→ **Work instructions**
Images are to be dropped, and the rest of the data reproduced exactly.

→ **Dataset extract**
---
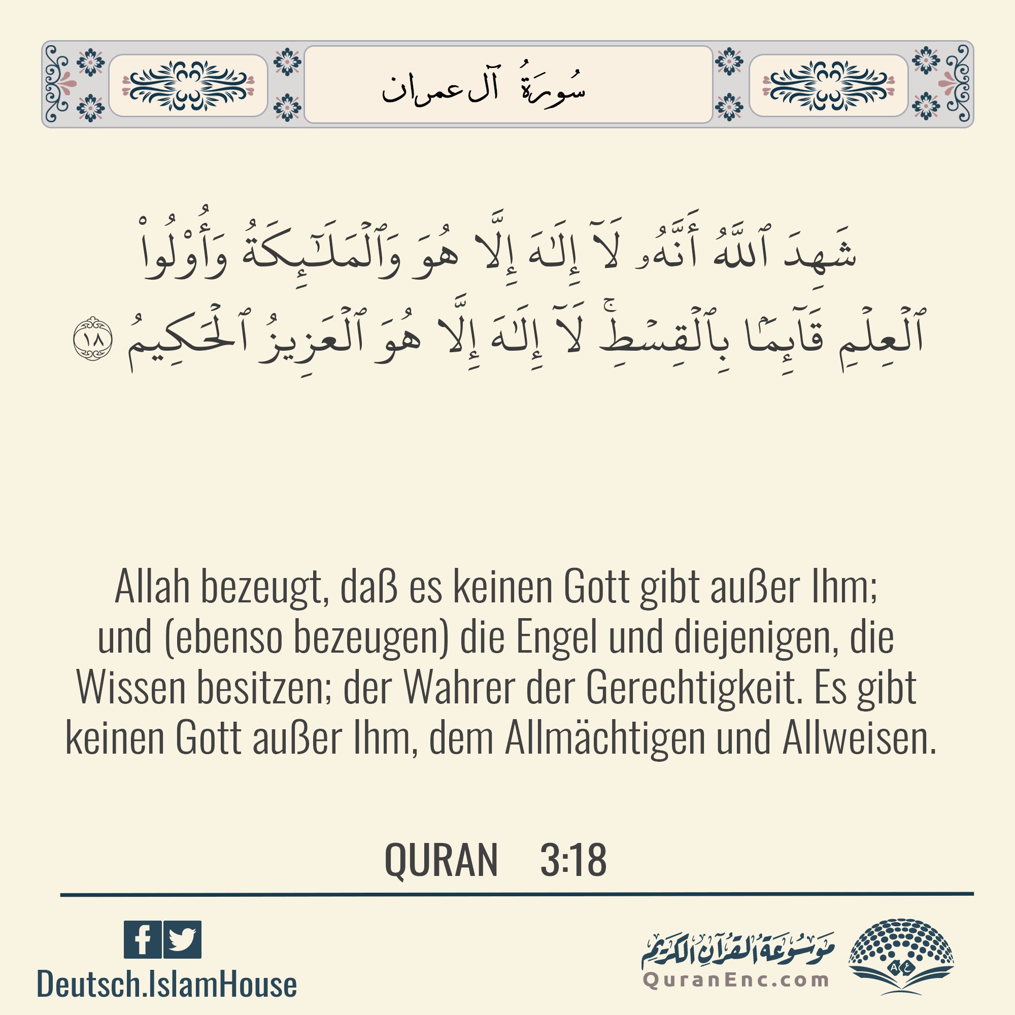 Allah bezeugt, daß es keinen Gott gibt außer Ihm; und (ebenso bezeugen) die Engel und diejenigen, die Wissen besitzen; der Wahrer der Gerechtigkeit. Es gibt keinen Gott außer Ihm, dem Allmächtigen und Allweisen.
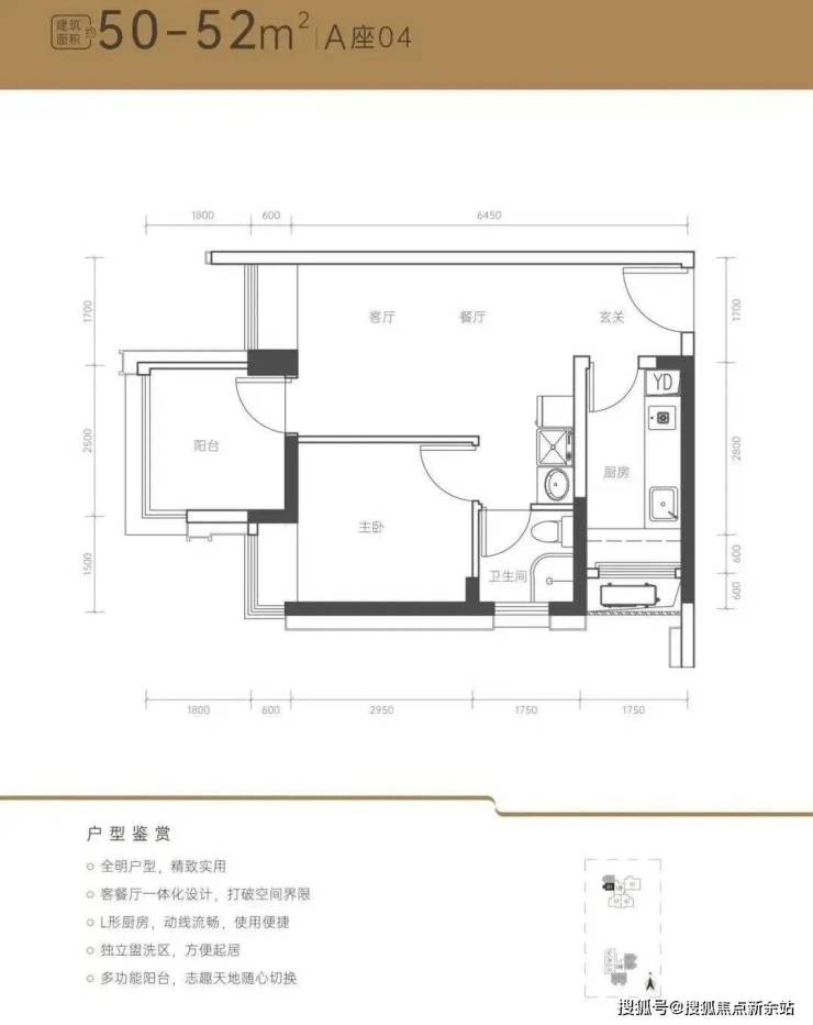 全明户型,精致实用;客餐厅一体化设计,打破空间界限;L形厨房,动线流畅,使用便捷;独立盥洗区,方便起居;多功能阳台,志趣天地随心切换。
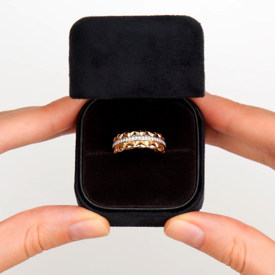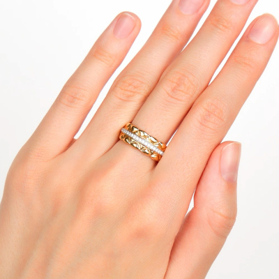 Кольцо с 26 бриллиантами природными, 0.15 карат, огранка круг 57 граней, цвет 4, чистота 6, тип огранки А; Желтое золото 585 пробы.
---
→ **Response to the exercise**
 Allah bezeugt, daß es keinen Gott gibt außer Ihm; und (ebenso bezeugen) die Engel und diejenigen, die Wissen besitzen; der Wahrer der Gerechtigkeit. Es gibt keinen Gott außer Ihm, dem Allmächtigen und Allweisen.
 全明户型,精致实用;客餐厅一体化设计,打破空间界限;L形厨房,动线流畅,使用便捷;独立盥洗区,方便起居;多功能阳台,志趣天地随心切换。
 Кольцо с 26 бриллиантами природными, 0.15 карат, огранка круг 57 граней, цвет 4, чистота 6, тип огранки А; Желтое золото 585 пробы.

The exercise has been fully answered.